同時に、あと2泊すれば到着するという安堵と寂しさが交じった複雑な気分になってくる。
途中で寄港した集落①
途中で寄港した集落②
この船ではそれなりに偉いっぽいおっさん。携帯の充電をさせてくれた
船首の貨物に勝手に乗ってくつろぐ相変わらず自由気ままなジル
ちなみにこの船は小さな子供が多いのだが、乗っているペルー人のお母さん方、体型も言動もメシの食い方も(手で食べたりする)とても豪快である。
みんな肝っ玉母ちゃんだ。
最近隣人になった家族の20代中盤と思われるお母さんなどは、兄弟の兄貴のブライアン君(やんちゃ坊主でよく弟を叩いたりして遊んでいる)を「ブライアン! ブライアン! ブライアン!」などと叱りつけている。
しかしこのブライアン君、全く素行を改めないので四六時中お叱りの声が横で響いているのである。
そして弟のジミー君はいつも「マミー! マミー!」と泣いていた。
肝っ玉母ちゃんとその母ちゃん。「お腹が出てるように映ってるじゃない! ギャハハ」ですと。
謎の果物をくれたりスペイン語を教えてくれたりと実はすげーいい人たち。
逆のお隣さん。こちらは母娘らしく比較的お上品
夜、またもウイスキーの小瓶を片手に後方デッキでタバコを吸っていたら、ガキンチョ達がまわりでギャーギャー騒いでいる。
何かと思ったら数匹のゴキブリを蹴ったりして遊んでいるではないか!
冷や汗をかいて思わずのけぞる。
おおぅ!! こっちに蹴っ飛ばすな💦
そして動かなくなったゴキちゃんは手で捕まえて川にポイッ
さらに女の子にゴキを背中に入れられた男の子は、一瞬硬直した後に号泣しだして「マミー! マミー!」とお母さんのもとへ。
…何なのこれ?
そんなんされたら俺でも号泣するわ。
大人たちは存在すら気にしていない。
ホントみんなたくましい。
虫嫌いと潔癖症な人はこの船に乗ると改善されるでしょう。
(ただし一部の人は発狂します)
そして今夜、さすがに退屈に飽きたのかダメな男どものトランプによる賭場が開かれる。
金を賭けて目は真剣そのものだ。
ひとりは船内にも関わらずタバコを吸いだしちゃってるおやじも。
そりゃさすがにダメだろ!
しばらく眺めた後、再度酒を飲みにデッキへ。
すると二人組のおっさんがタバコを吸いながら話し込んでいたのでウイスキーを進めてみたところ、急遽酒宴が開催。

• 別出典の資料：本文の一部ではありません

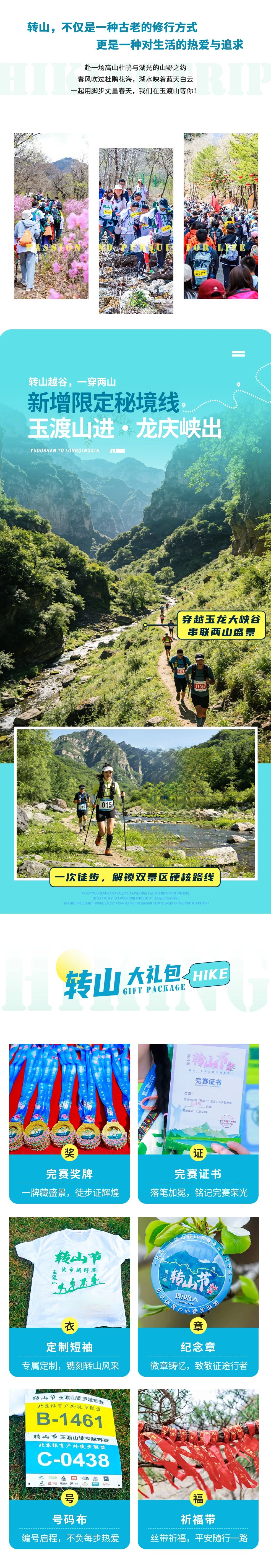 4、徒步前20名:A组B组完成挑战前20名(不含前三名),分别由赞助商提供的精美礼品一份+玉渡山全年免门票(号码布盖签到章后在主会场根据名次领取徒步证书和礼品);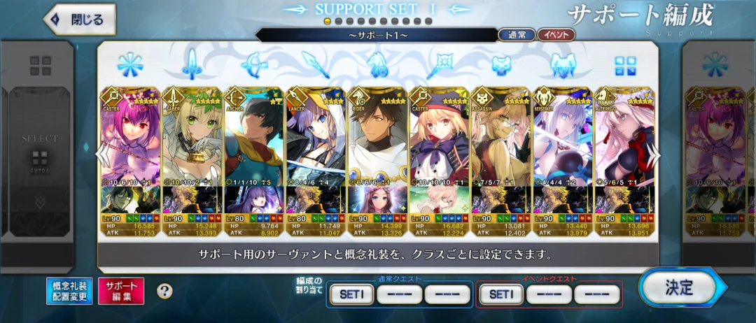 打手就更不必說了,各種職階顏色的輸出一堆,劇情關遇到強敵有各種戰術運用,AppMedia上寫的攻略我都能參考,因為好用的角色幾乎都有抽到。蘭斯洛特(Berserker)和陳宮(Caster)更是周回超級大幫手!聖杯餵好餵滿。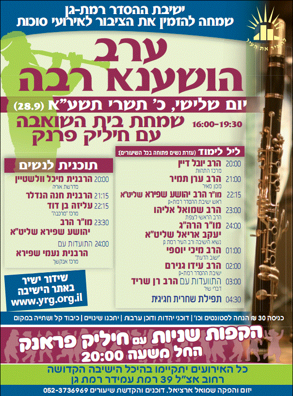 הזמנה לנשים וגברים לליל לימוד (הושענה רבה) מיוחד ביום ג' הקרוב, בישיבת רמת גן (האצ"ל 39).(מצורפת מודעה) בין הרבנים : הרב יובל דיין, הרב שמואל אליהו, הרב ערן טמיר, הרב מיכי יוספי, הרבנית נעמי שפירה , עליזה בן דוד ועוד.. כמו כן בשעות הצהריים תתקיים הופעה והרקדה של הקלרינט חיליק פרנק. במקום סוכות כשרות עם כיבוד קל לאורך הלילה . נא העבירו הלאה לחבריכם.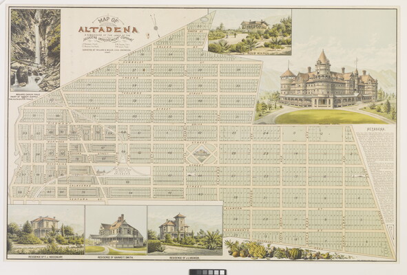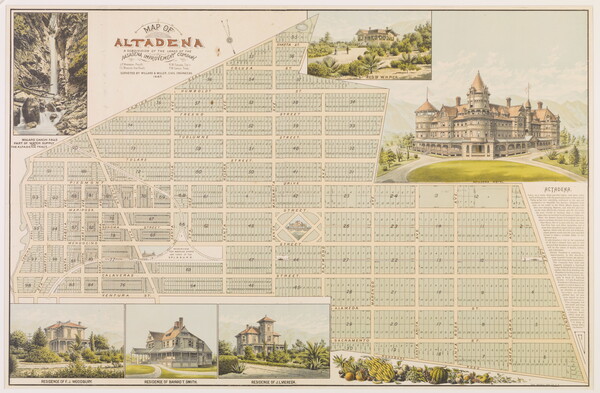u.l.: MAP OF \ ALTADENA \ A SUBDIVISION OF THE LANDS OF THE \ PASEDENA IMPROVEMENT COMPANY. \ J.P. WOODBURY, Pres'dt. R.M. FURLONG, Sec'y. \ E.C. WEBSTER, Vice Pres'dt. P.M. GREEN, Tres's. \ SURVEYED BY WILLARD & MILLER, CIVIL ENGINEERS. \ 1887.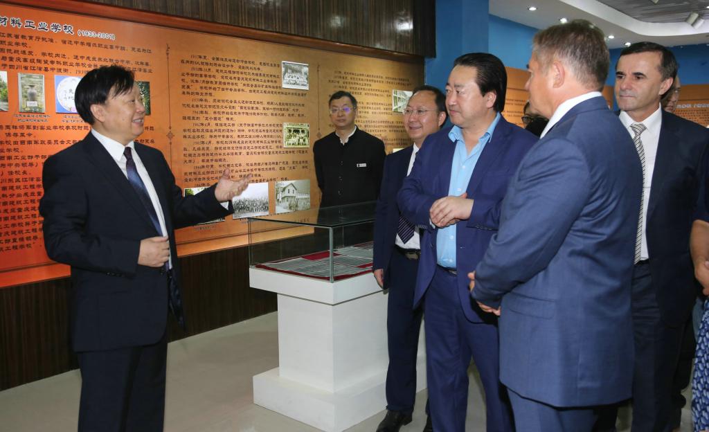 俄罗斯代表团先后参观了校史陈列馆,机电系、材料系、建筑系等校内实训场所。何礼果为客人们详细介绍了学校的建校历史、办学规模、办学特色、人才培养、校企合作等方面的情况。代表团对学校依托和对接中国(绵阳)科技城建设和区域行业产业发展,构建“政校企研四位一体”的产教融合、协同育人机制,实施“模块化”“工学交替”等特色鲜明的校企多样化人才培养模式,大力培养高素质技术技能人才的办学思路予以高度赞赏。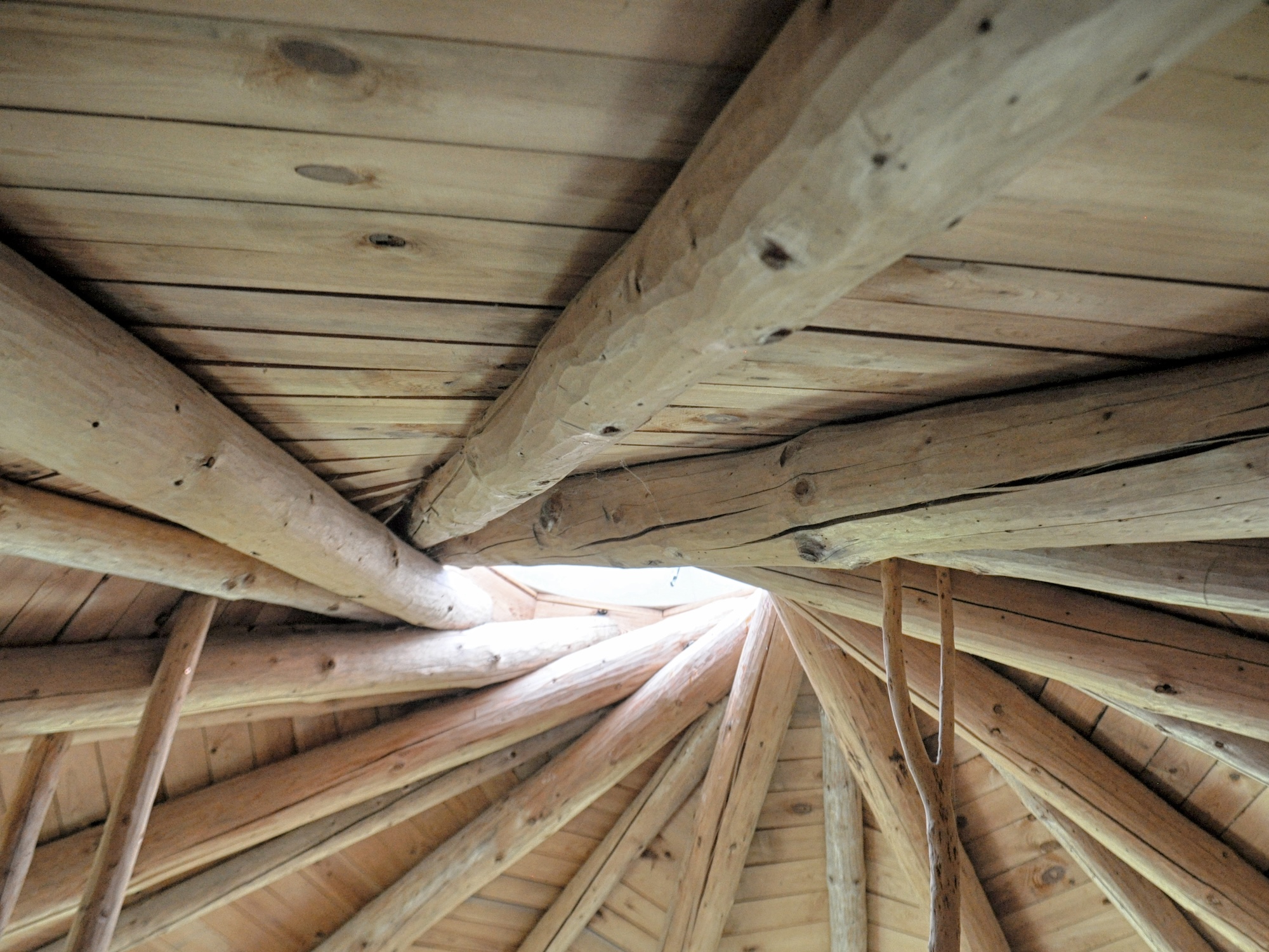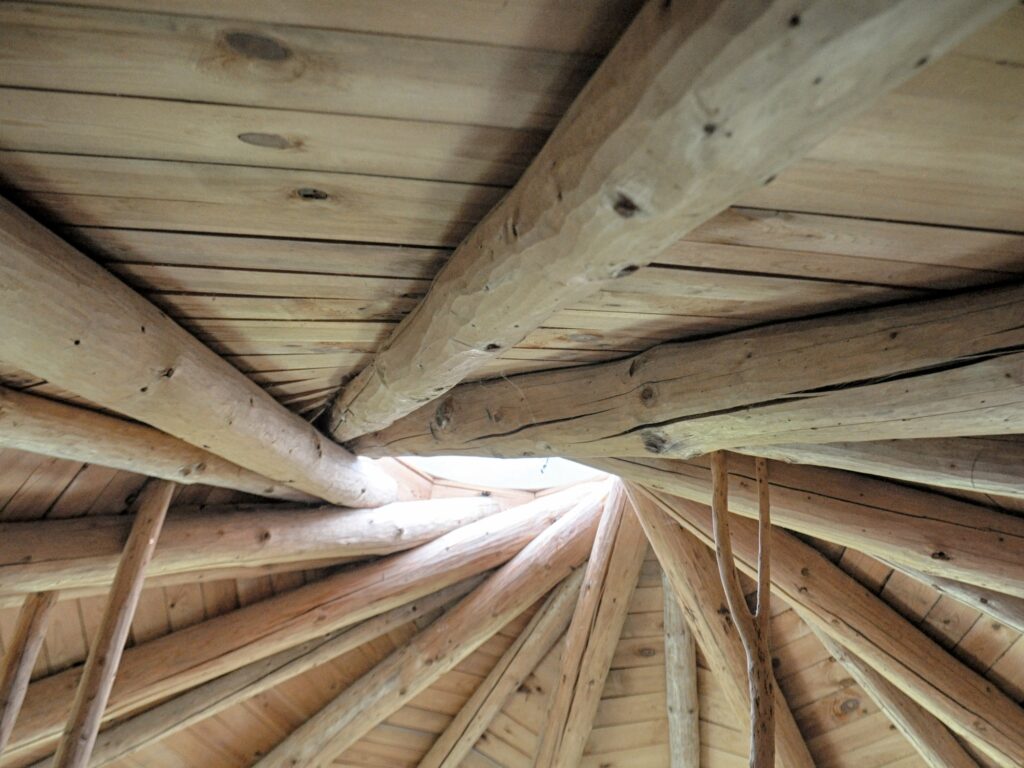 Der Hauptraum misst rund 35 m² und wird von einem reziproken Dach aus Naturstämmen überspannt.

会話がほぼ全く通じていないのに妙に盛り上がった不思議な交流であった。
みんなストレートでガンガン飲みました
気分も良く、歯茎の腫れも気にならなくなり(そりゃそうだ)明日起きたら治ってそうな確信すらある。
気持ちよく爆睡。
翌朝
全く治ってねー
ちょっとひどくなったか? いや、変わらずか?
とにかくいよいよ治療を検討せねばならない気がする。
明日で下船。
食事もあと数回を残すのみである。
食料置き場を見に行ってみると
鶏がきれいさっぱりいなくなりました
そして犬もいねー… いるのは乗客の手荷物である鶏だけ
最後の夜、最上階デッキに上がって見上げるとそこは満天の星空だ。
ひとりで感動しながらまた飲んでいると、ハゲたおっさんがこちらに来て声をかけてきた。
なぜかたまーに肩を叩きながら声をかけてきたおっさんだ。
酔っているのかフラフラ近づいてきて、また肩を叩いて「元気か?」と声をかけて船長室へ。
…あんた船長さんだったの?
この適当さと大自然、そして人の良さ。
ペルー気に入った。
翌朝、船はついにイキトス港へ。
ヘンリー号の兄弟もたくさん
乗船してから6日、出航してから5日かけて目的地に到着である。
隣人たちにも愛着が沸き、降りる時は何とも寂しいもんです。
そして下船。
改めて見るとものすごい着岸の仕方してる…
結局歯の改善は全くないままジャングル都市に到着してしまった。